* Aim of the exercise *
For every line in the material below that holds "hasta", report the line.

* Input *

════════

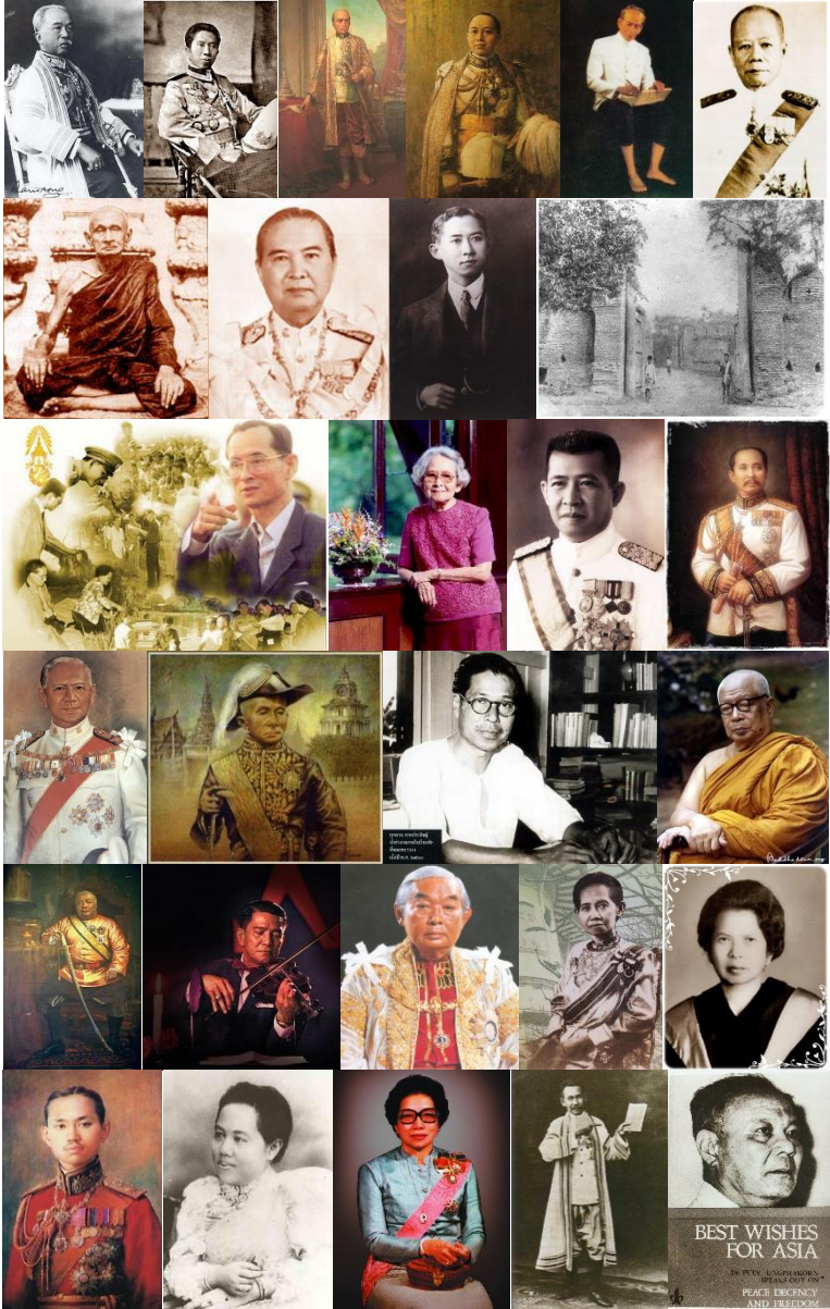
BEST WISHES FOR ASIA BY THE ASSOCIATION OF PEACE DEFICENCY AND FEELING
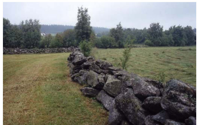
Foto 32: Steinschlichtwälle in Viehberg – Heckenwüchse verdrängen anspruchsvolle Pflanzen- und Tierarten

════════

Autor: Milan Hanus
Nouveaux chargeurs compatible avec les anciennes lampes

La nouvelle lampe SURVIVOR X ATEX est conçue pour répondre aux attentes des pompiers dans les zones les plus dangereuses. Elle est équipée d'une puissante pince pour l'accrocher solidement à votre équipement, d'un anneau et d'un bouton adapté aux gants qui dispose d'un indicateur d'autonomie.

════════

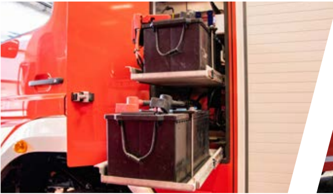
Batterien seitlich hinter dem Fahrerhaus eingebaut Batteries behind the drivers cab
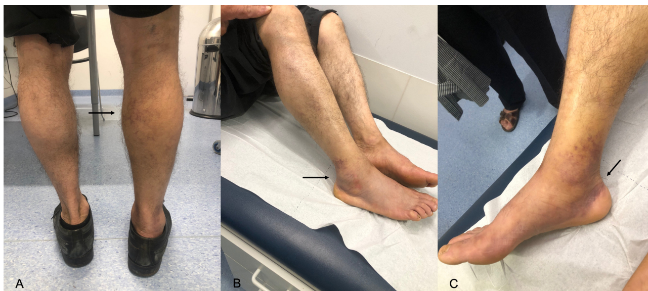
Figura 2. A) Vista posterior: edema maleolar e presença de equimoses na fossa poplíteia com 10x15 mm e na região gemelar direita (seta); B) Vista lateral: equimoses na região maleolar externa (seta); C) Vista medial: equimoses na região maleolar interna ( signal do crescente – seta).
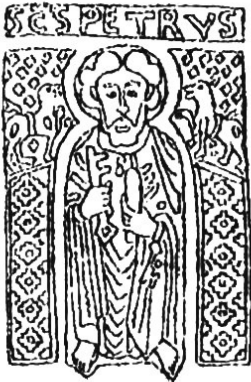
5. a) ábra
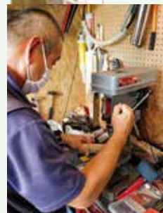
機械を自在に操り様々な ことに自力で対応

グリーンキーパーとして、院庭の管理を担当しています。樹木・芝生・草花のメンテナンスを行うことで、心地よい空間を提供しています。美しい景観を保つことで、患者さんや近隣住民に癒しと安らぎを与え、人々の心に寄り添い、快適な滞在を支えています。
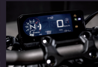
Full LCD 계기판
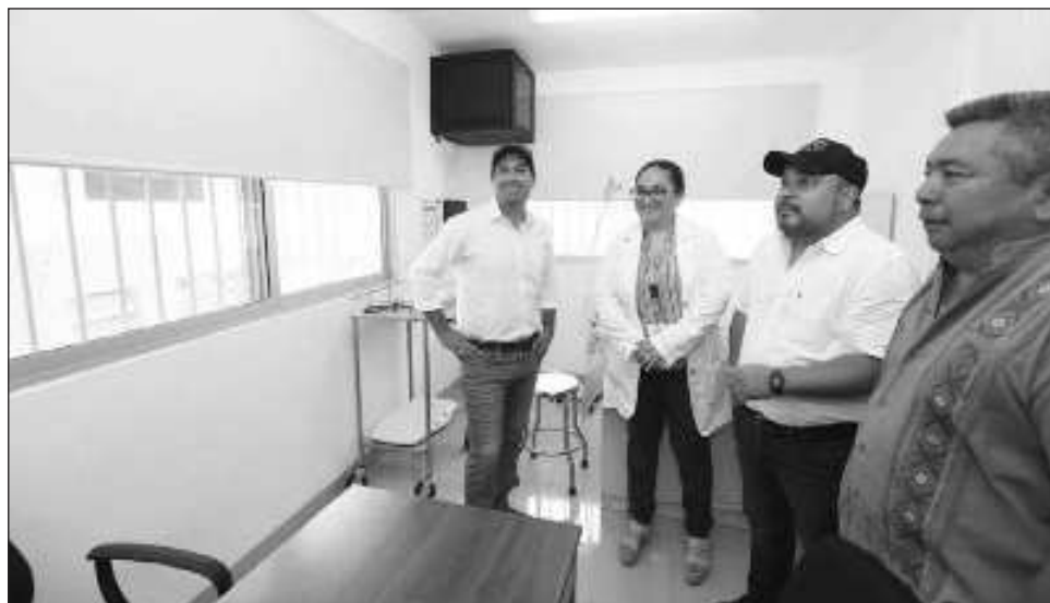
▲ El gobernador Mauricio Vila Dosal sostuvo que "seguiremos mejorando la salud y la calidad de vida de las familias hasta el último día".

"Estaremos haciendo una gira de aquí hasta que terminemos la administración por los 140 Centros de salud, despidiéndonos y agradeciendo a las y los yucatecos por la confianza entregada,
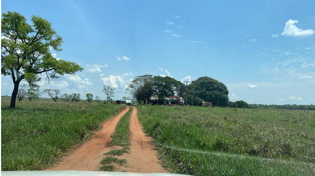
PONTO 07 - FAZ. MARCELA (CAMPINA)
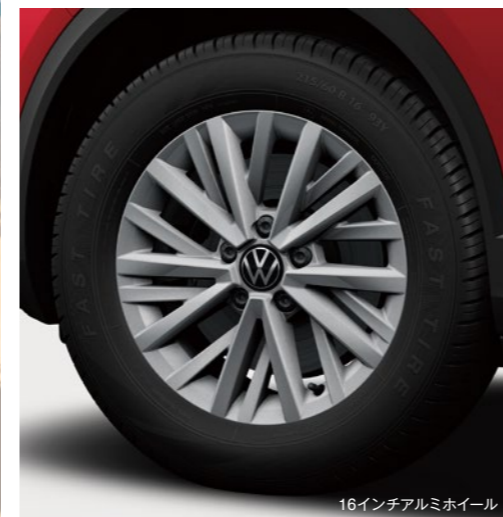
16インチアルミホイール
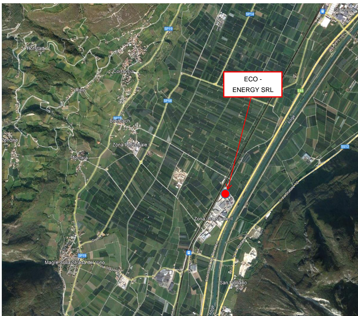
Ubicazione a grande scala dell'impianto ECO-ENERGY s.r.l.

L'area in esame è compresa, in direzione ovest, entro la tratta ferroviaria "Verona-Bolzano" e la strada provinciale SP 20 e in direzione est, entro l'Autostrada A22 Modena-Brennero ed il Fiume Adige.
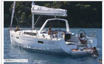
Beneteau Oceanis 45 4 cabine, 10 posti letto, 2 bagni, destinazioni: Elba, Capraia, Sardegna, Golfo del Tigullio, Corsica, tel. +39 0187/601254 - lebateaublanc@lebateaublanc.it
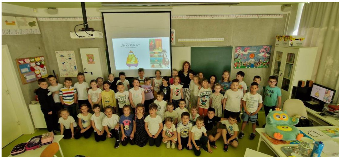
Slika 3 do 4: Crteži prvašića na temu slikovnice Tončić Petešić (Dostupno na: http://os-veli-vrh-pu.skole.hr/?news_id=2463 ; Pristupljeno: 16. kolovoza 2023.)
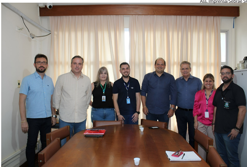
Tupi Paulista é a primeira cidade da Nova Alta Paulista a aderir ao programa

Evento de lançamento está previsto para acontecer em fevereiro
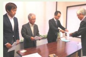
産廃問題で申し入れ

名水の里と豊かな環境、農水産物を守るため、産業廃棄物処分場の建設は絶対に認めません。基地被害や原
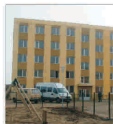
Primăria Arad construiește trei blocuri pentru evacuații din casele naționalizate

════════

* The answer *
▲ El gobernador Mauricio Vila Dosal sostuvo que "seguiremos mejorando la salud y la calidad de vida de las familias hasta el último día".
"Estaremos haciendo una gira de aquí hasta que terminemos la administración por los 140 Centros de salud, despidiéndonos y agradeciendo a las y los yucatecos por la confianza entregada,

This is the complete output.